Despite the increased preprocessing time, the actual answer generation now streams in at around 10 seconds on average. This is only due to the improved speed of newer LLM models. So while the preprocessing time doubled, the answer generation shrank to about a third of the initial duration. Overall, the ratio of time spent in answer generation is decreasing.
You could argue that streaming remains preferable, as it provides users with initial content sooner. But consider that: when we launched, the ratio of time spent in answer generation was about 90% of the response time. These days it's closing to 50%. We're moving towards a scenario where the majority of time is spent preparing to answer, and less time actually generating the answer.
Check out the impressive speed offered by Cerebras. They can stream from Llama 3.1 405B - a GPT-4 class model - at 969 tokens per second. The answers by our system are about 400 words. This translates to roughly 533 tokens, according to OpenAI's estimation of 3/4 words per token. This means that they can generate an answer in much less than 1 second.
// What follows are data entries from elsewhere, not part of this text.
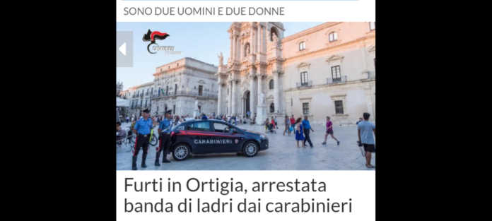 I carabinieri di Ortigia hanno arrestato due uomini e due donne, tutti siracusani con precedenti penali, poco dopo aver compiuto un furto in un ristorante in piazzetta San Rocco, in Ortigia, il centro storico di Siracusa.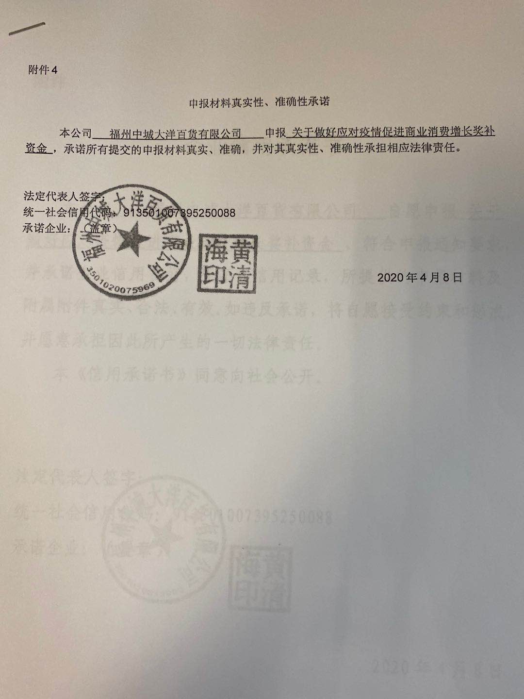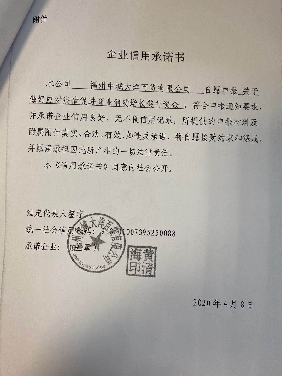 福州中城大洋百货有限公司承诺书
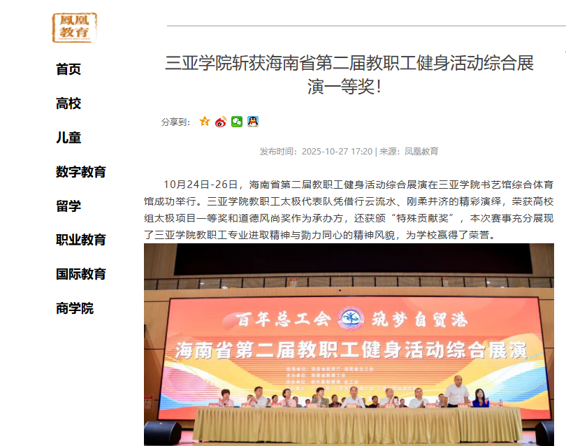 凤凰教育报道2024澳门彩开奖结果查询斩获海南省第二届教职工健身活动综合展演一等奖!

If such performance becomes commonplace, the time spent on answer generation will be dwarfed by the preprocessing steps within the RAG pipeline. Given these factors, there's a strong case for transitioning from a streaming to a non-streaming model. It's simpler and cheaper to develop and maintain, and in the long run, may not have any disadvantage to its streaming counterpart.
A reason to stream
There's still one very compelling reason to retain streaming: user expectations. In the rapidly evolving world of GenAI, streaming has become the established standard, particularly for chat-based applications. Users are now used to this interactive style of response delivery, largely thanks to the influence of prominent products like ChatGPT. Diverging from this norm, even with a technically sound rationale, carries a significant risk. A non-streaming response might be perceived as 'broken', 'slow', or 'inferior' simply because it deviates from the established user experience. This presents a difficult product dilemma: how do we balance the internal benefits of increased team efficiency and reduced development overhead against the potential negative perception of users accustomed to the streaming standard?
Conclusion
These days, streaming is undoubtedly the de-facto standard for GenAI applications, particularly in chat interfaces. The influence of leading products has firmly established this pattern in users' minds. Personally, I believe that with the ongoing acceleration of LLM generation speeds, we will see a gradual decline in the prevalence of streaming. The benefits of instantaneous, full responses will start to outweigh the perceived advantages of a token-by-token reveal. However, as a developer working on a GenAI application, it's a challenge to even consider moving away from streaming, especially when your application already streams responses. The established user expectation is a powerful force. Yet, the efficiency gains that could be realized by making the change are worth thinking about. We could streamline development, simplify our architecture, and potentially deliver a more robust and feature-rich experience in the long run.
This blog post was made with the help of Gemini Experimental 1206.